Task material

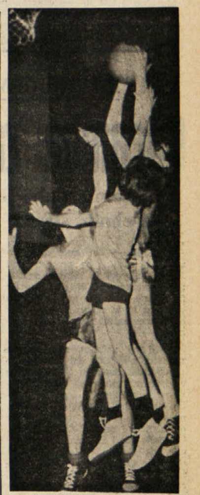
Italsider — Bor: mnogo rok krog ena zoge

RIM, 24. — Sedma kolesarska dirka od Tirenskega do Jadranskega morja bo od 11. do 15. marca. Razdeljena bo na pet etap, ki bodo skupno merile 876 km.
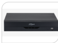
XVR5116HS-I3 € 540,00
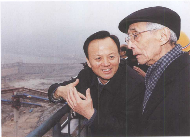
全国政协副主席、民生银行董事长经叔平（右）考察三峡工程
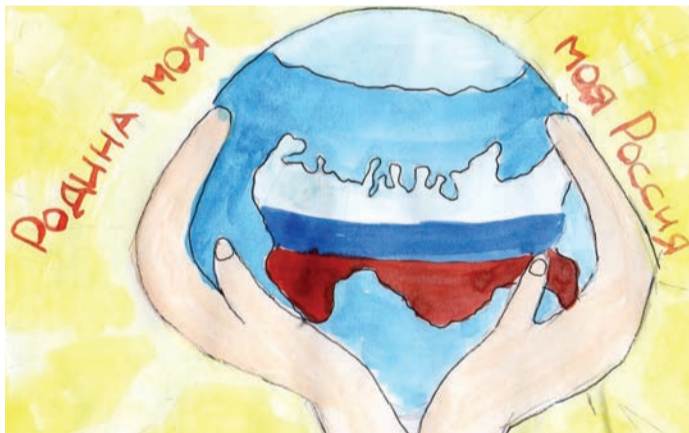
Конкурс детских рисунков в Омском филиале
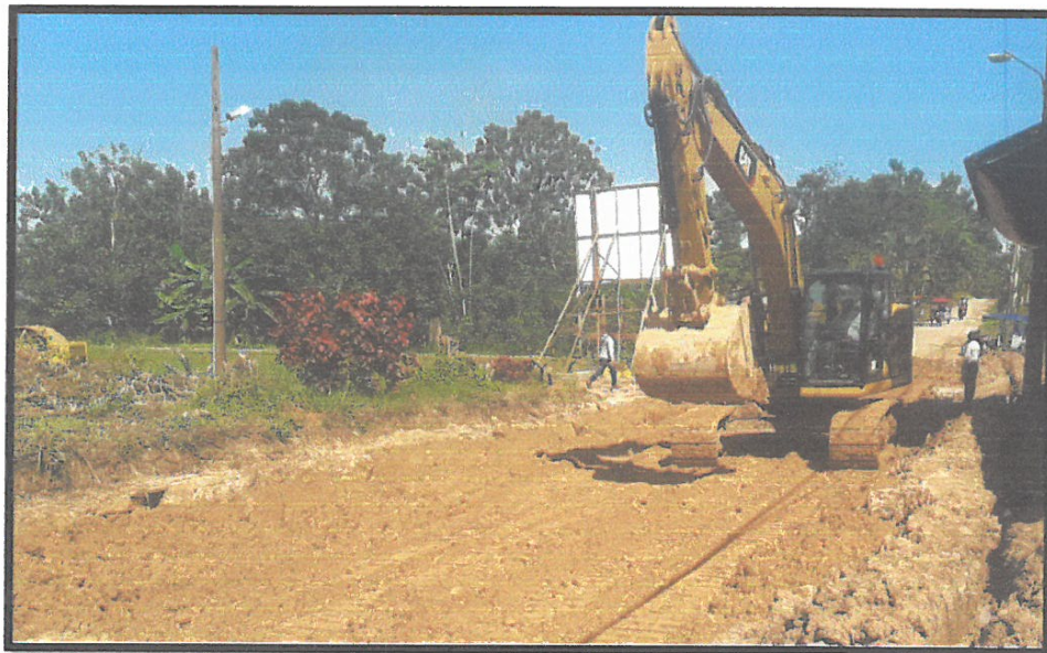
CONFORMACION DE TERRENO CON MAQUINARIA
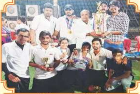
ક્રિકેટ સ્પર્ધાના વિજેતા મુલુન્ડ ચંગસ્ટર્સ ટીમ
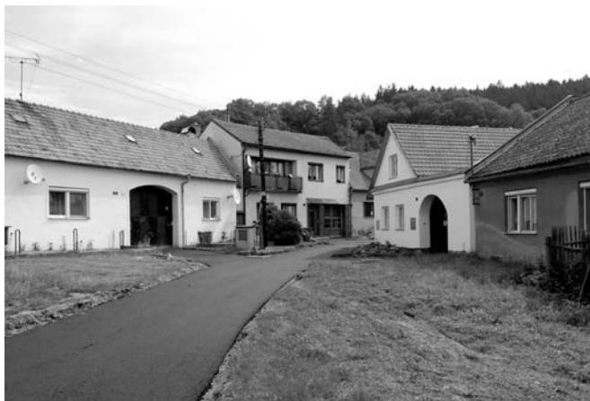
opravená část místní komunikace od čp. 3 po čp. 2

What to do
The reply must consist of the records, repeated exactly, minus any images.

Answer for this exercise
Italsider — Bor: mnogo rok krog ena zoge

RIM, 24. — Sedma kolesarska dirka od Tirenskega do Jadranskega morja bo od 11. do 15. marca. Razdeljena bo na pet etap, ki bodo skupno merile 876 km.
XVR5116HS-I3 € 540,00
全国政协副主席、民生银行董事长经叔平（右）考察三峡工程
Конкурс детских рисунков в Омском филиале
CONFORMACION DE TERRENO CON MAQUINARIA
ક્રિકેટ સ્પર્ધાના વિજેતા મુલુન્ડ ચંગસ્ટર્સ ટીમ
opravená část místní komunikace od čp. 3 po čp. 2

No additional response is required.